> What needs to be done
Leaving out all pictures, reproduce the entries below exactly, from the first line through the line that contains "Aaron Peters: lead".

> Data
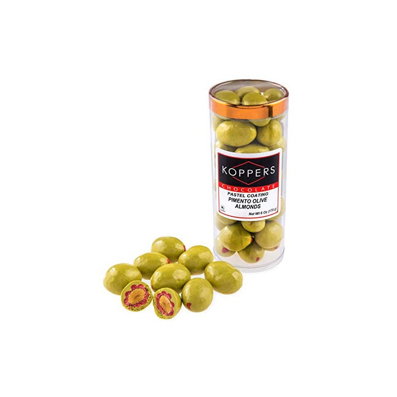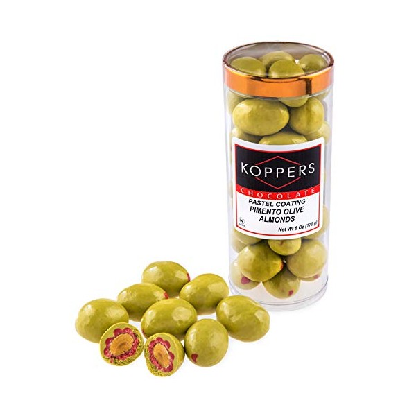 Koppers Pimento Olive Chocolate Almond, 6oz Package, with Melt Protection
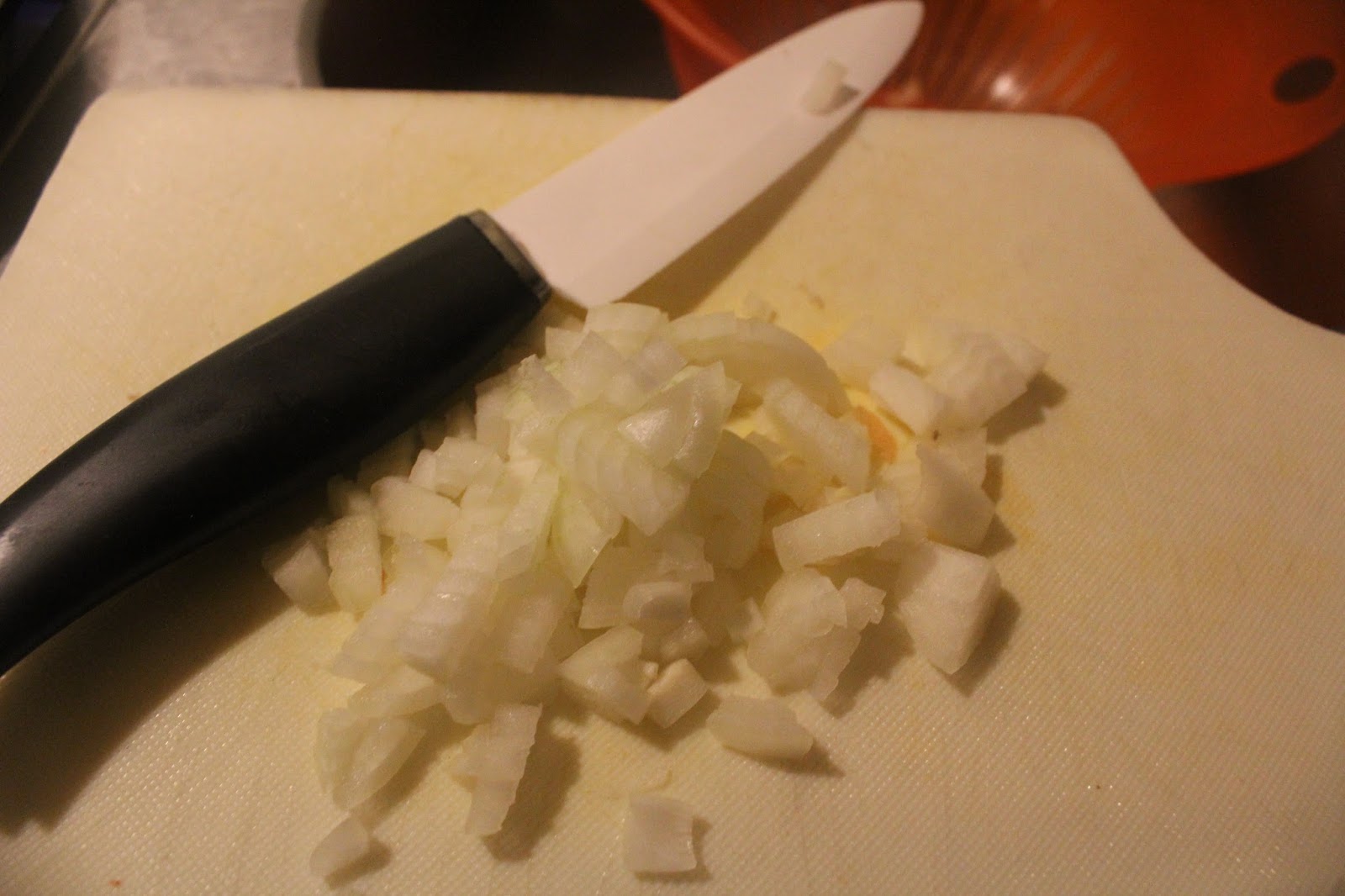 Die erste Zwiebel zerkleinern für den Gurkensalat
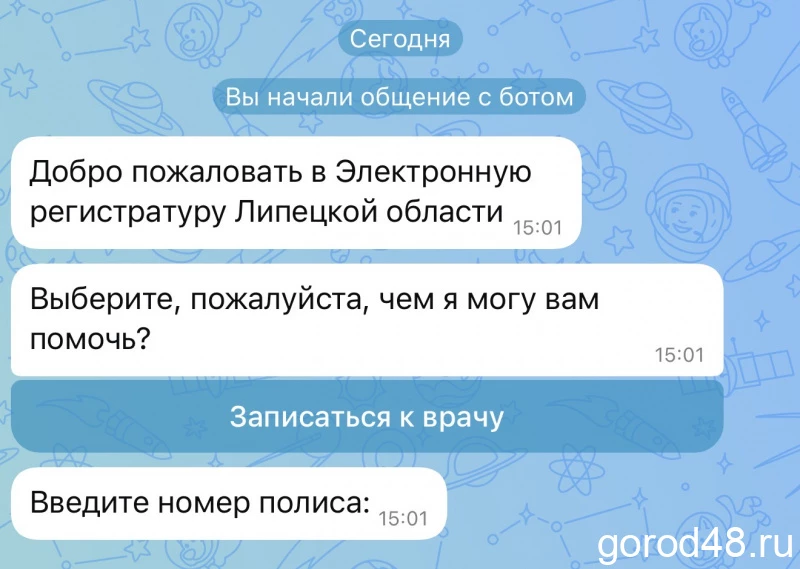 «Подать заявку можно в любое время в режиме 24/7. (...) Во время записи бот задаст вам все необходимые вопросы и проведет через процесс записи шаг за шагом, в том числе будут показаны доступные «окна» в расписании врачей», — говорится в анонcе чат-бота.
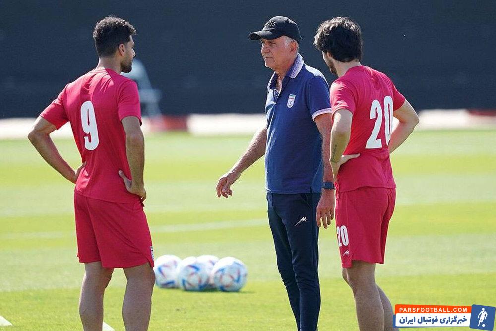جلسه خصوصی کارلوس کیروش با مهدی طارمی و سردار آزمون در تمرین تیم ملی
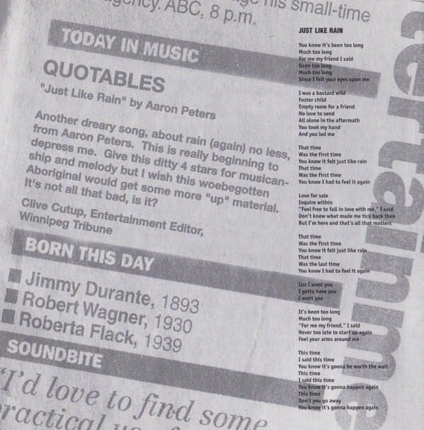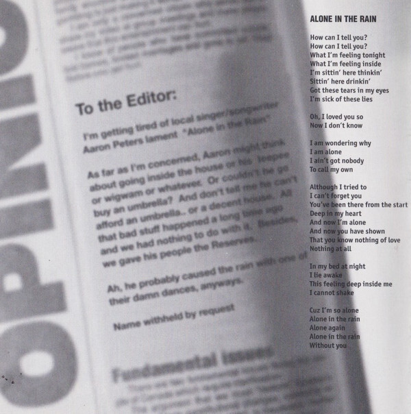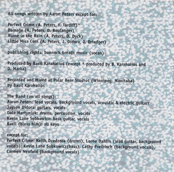 Aaron Peters: lead vocals, acoustic & electric guitars, backing vocals
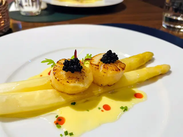▼不是每次來都有前菜可以加點,剛好今天有秘魯進口的白蘆筍,主廚搭配新鮮干貝、魚子醬,佐奶油濃醬、西班牙辣椒油。白蘆筍味道和一般常見的綠蘆筍完全不同,白蘆筍吃起來甘甜清脆,本身就像是帶有奶油味的蘆筍
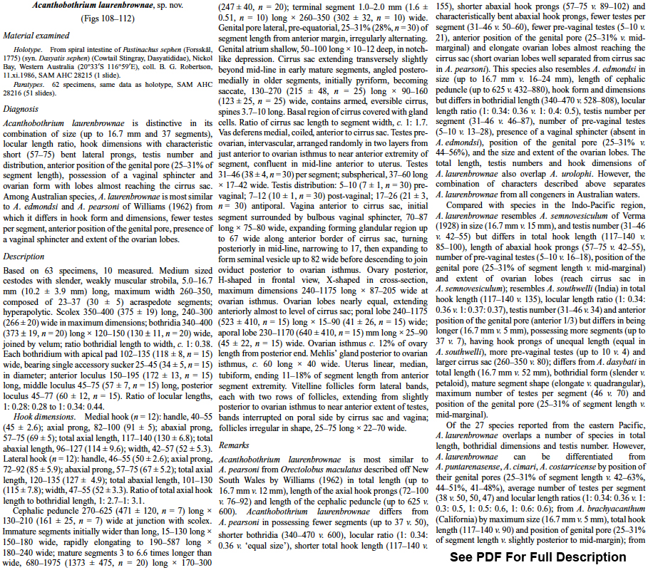 Campbell, R. A. and I. Beveridge. 2002. The genus Acanthobothrium (Cestoda: Tetraphyllidea: Onchobothriidae) parasitic in Australian elasmobranch fishes. Invertebrate Systematics 16: 237-344. (3867) Download PDF |

> Your solution
 Koppers Pimento Olive Chocolate Almond, 6oz Package, with Melt Protection
 Die erste Zwiebel zerkleinern für den Gurkensalat
 «Подать заявку можно в любое время в режиме 24/7. (...) Во время записи бот задаст вам все необходимые вопросы и проведет через процесс записи шаг за шагом, в том числе будут показаны доступные «окна» в расписании врачей», — говорится в анонcе чат-бота.
جلسه خصوصی کارلوس کیروش با مهدی طارمی و سردار آزمون در تمرین تیم ملی
 Aaron Peters: lead vocals, acoustic & electric guitars, backing vocals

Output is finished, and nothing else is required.